重複排除/圧縮機能を備えるフラッシュストレージへの移行により、性能向上と容量削減の両方が実現するが、これまでは容量削減効果の見積もりが難しかった。日立の新サービスはその課題を解消する

 加えて、オールフラッシュストレージのスモールスタートを可能にする月額払いプログラムもスタートした。ビジネス成長に合わせてストレージ容量/性能を拡張していくことが可能で、この拡張処理は業務無停止で行うことができる。

 ストレージ運用管理の自動化/自律化を促進するために、新しいソフトウェア「Automatic Storage Operation for JP1」の提供も開始した。JP1コンテンツとして導入することで、ストレージ導入時の設定やVMwareのデータストア作成などの日常的な作業の手作業を削減する。

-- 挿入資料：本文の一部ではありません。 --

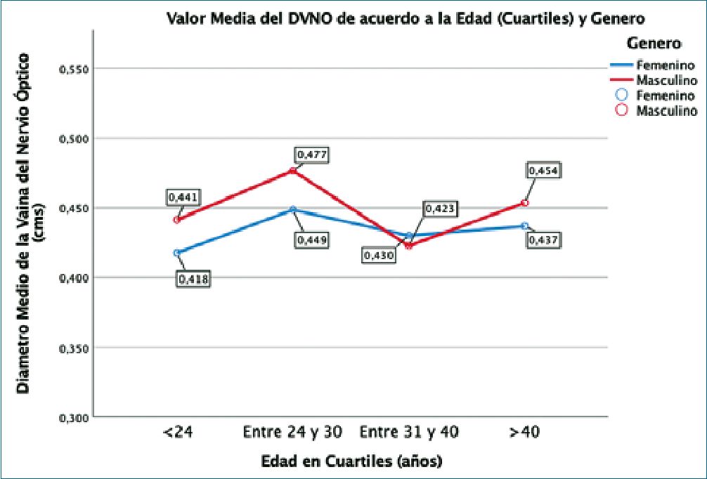 Se obtuvo un DVNO promedio de 0,43 cm, con una DE ± 0,03 cm, (p25 = 0,38 cm; p75 = 0,49 cm). El 95,3% de las mediciones fueron < 0,55 cm (Tabla 2). El promedio del DNVO en mujeres fue de 0,43 cm ± 0,0046 cm y en hombres fue de 0,44 cm ± 0,0070 cm, (p = 0,187), (Tabla 3). Al hacer una comparación de los grupos de edad por cuartiles, se identificaron resultados estadísticamente significativos ANOVA p = 0,014, test Scheffe p = 0,031, lo cual demuestra diferencias entre menores de 24 años y entre 24 a 30 años (Gráfico 1). Con la regression lineal bivariada se encontró una correlación estadísticamente significativa con el peso p = 0,012, la talla p = 0,005, TAM p = 0,005. No obstante, al realizar la regresión lineal múltiple se puede concluir que ningún modelo es factible, lo cual excluye una predicción a partir de un modelo múltiple para el valor de la media del DNVO (Tabla 4).

JP1/AO(Automatic Operation)対応コンテンツの提供により、ストレージ運用作業の自動化/自律化を促進する

 Automatic Storage Operation for JP1の税抜価格は34万円から(7月31日より提供開始)。またデータ容量最適化サービスについては個別見積もりとなっている。

今後の戦略、従量課金型など「サービス指向の事業強化」にも取り組む

 発表会に出席した同社 プロダクツビジネス本部 本部長の後藤照雄氏は、企業においてデータのビジネス活用に注目が集まるなかで、日立ではストレージ領域において「あらゆるデータへの随時・高速データアクセス」「投資の最適化」「システム運用の効率化」を目指すしていることを紹介。今回発表したフラッシュストレージ新モデル、容量最適化サービス、JP1ソフトウェアが、それぞれに対応するものであると説明した。

“データセンターモダナイゼーション”のビジョンに基づき、ストレージではこの3点を目標に掲げる

 また後藤氏は、今後の日立ストレージ事業が取り組んでいく戦略として「サービス指向の事業強化」を挙げた。競争力のあるストレージ製品の開発/販売という従来からの動きに加えて、たとえば「従量課金型でのストレージ販売」など、顧客のビジネス/IT課題に即したサービスメニューを強化していく方針を示した。そのほか「Software-Defined製品の市場投入」「クラウドオーケストレーションの推進」といった、成長分野における開発の強化にも取り組むと述べた。